Miss Elliott was watching the girl's face wistfully. "I did what seemed best at the time," she said tremulously. "I hope I didn't do you a wrong, Gwen."

"Never mind, auntie dear." Gwen laid a caressing hand on her aunt's. "So long as I know now it is all right. I suppose you thought I was too young to appreciate exactly. I am glad to know the truth." Then after a pause, "I suppose there was never any doubt that he was drowned."

"At first your grandfather hoped there might be, but as time went on there could be no other conclusion to reach."

"Yes, of course. He would have come back otherwise." The subject ended here, though Gwen still looked a little troubled and her aunt's face wore a similar expression.

Toward night the wind veered around, and the fog lifted, showing first the line of houses along the bluff, then the nearest reefs, and finally lifting the veil which all day had obscured the furthest point of mainland. At last but a dim line of gray along the horizon told that out at sea the fog horns must continue to sound their warning. The long grass, however, was still very wet, and Gwen decided that a second tramp across the hummocks would be better left undone, so she and her aunt, avoiding the dampness below, took refuge on the little balcony over the porch where they were sheltered from the wind.

"Aunt Cam," said Gwen, leaning her chin on her hands and looking off toward Seguin's shining light, "when we go back I'd like to see something of my father's people. What relatives had he?"

"Very few are left," returned Miss Elliott. "His mother died when he was still a child, his father before he married. He was an only child, therefore there would be only some cousins. The family was from northern New York. We could go there some time instead of coming here, but I fancy you would not find any very near relatives, or indeed any who could tell you much of your father. He had not been thrown with them very often, and scarce at all after he was grown."

"His father was a great friend of grandfather's, wasn't he?"

"A great friend though a younger man by some fifteen years. Your grandfather did not marry till he was thirty-five; Lewis Whitridge's father married early."

"I see. Were there only business letters in that box, Aunt Cam? None from my father to my mother?"

"No, as they lived in the same city there was little correspondence between them. I had one or two letters from Lewis, while I was in China, but I destroyed the most of my correspondence before I left there, so those with others, were burned."

"Was my father ever well off? I know mamma had nothing, but had he?"

"He was supposed to be quite well off when your mother married him, unusually so for so young a man."

"Was that why she married him?" Gwen shifted the position of her hands that she might better see a figure on the rocks, distinct against the sky, an immovable figure with back toward Wits' End.

"What a question, my dear," returned Miss Elliott. "Why should you suppose such a thing?"

"I don't know. I only wondered. One likes to know—a girl does—all about her father and mother's courtship."

"I was not there, as you well know," Miss Elliott spoke with emphasis. "I could not possibly know what was going on in Lillian's brain. She was so much younger than I that there could not be the confidence between us as between girls nearer of an age. At all events your father was worthy of any woman's love, so we ought to assume it was a love match. He certainly adored her."

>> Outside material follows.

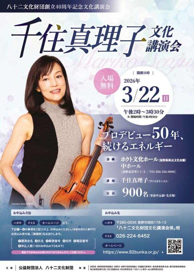 八十二文化財団創立40周年記念「千住真理子文化講演会」『プロデビュー50年、続けるエネルギー』

"If you know that he adored her, why don't you know whether she adored him?" asked Gwen.

"What is the matter with you to-night, child?" said her aunt impatiently. "It is too damp out here. I am going in. I have some letters to write."

Gwen, wrapped in a fleecy scarf of white, sat watching the figure on the rocks till the west faded from rose to gray and the shore's limits were visible only when a white line of foam curled along the base of the cliffs.